Gel gelelim hayatımızdaki en ölümcül varsayım karşımızdakini tanıdığımızı varsaymaktır. Aslında biz kendimizi bile tanımıyoruz. Çocukken gelmiş kalıplarla, öğretilen doğru/yanlışlarla yaşıyoruz, seçimlerimizi yapıyoruz. Özgür irademizle herşeyin üzerinden teker teker geçip seçim yapana kadar kendimizi tanıdığımızdan bahsedemeyiz. Doğrularınız kime göre doğru, neye göre doğru? Teker teker üzerinden geçmeniz gerekir. Dolayısıyla kendimizi tanımadan, karşımızdakini tanımadan güvenden bahsedilemez.

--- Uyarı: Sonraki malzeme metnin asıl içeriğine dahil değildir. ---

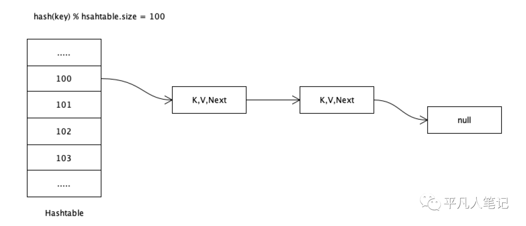 • 不同的key输入,可能会有相同的输出,那么就会产生hash冲突,通过链表法来解决冲突。

O yüzden benim için Güven: karşımdakinin herşeyi (ama herşeyi) yapabileceğine karşı duyduğum güvendir. O bir insansa, diyalektik bir dünyada tabiki değişecektir, gelişecektir, özgür iradesiyle seçimler yapacaktır. O yüzden dün x olması yarın y olmayacağı anlamına gelmez. Evet hala yaşadığım hayalkırıklıkları oluyor ama yaşadığım her hayalkırıklığından da bu bilinçle çıkıyorum.

Evet herkesin herşeyi yapabileceğine ve yaşadığım herşeyin de bir sebebi olduğuna gerçekten güveniyorum 🙂 Kendime güveniyorum. Hayata güveniyorum. Kendi gerçekliğimi kendim yarattığım için karşımda duran problemin tek kaynağının ve tek çözümünün kendim olduğuna güveniyorum.. ve ben dahil herkesin değişeceğine güveniyorum..

Peki sen nelere güveniyorsun? Güveni hala dışarıda mı arıyorsun?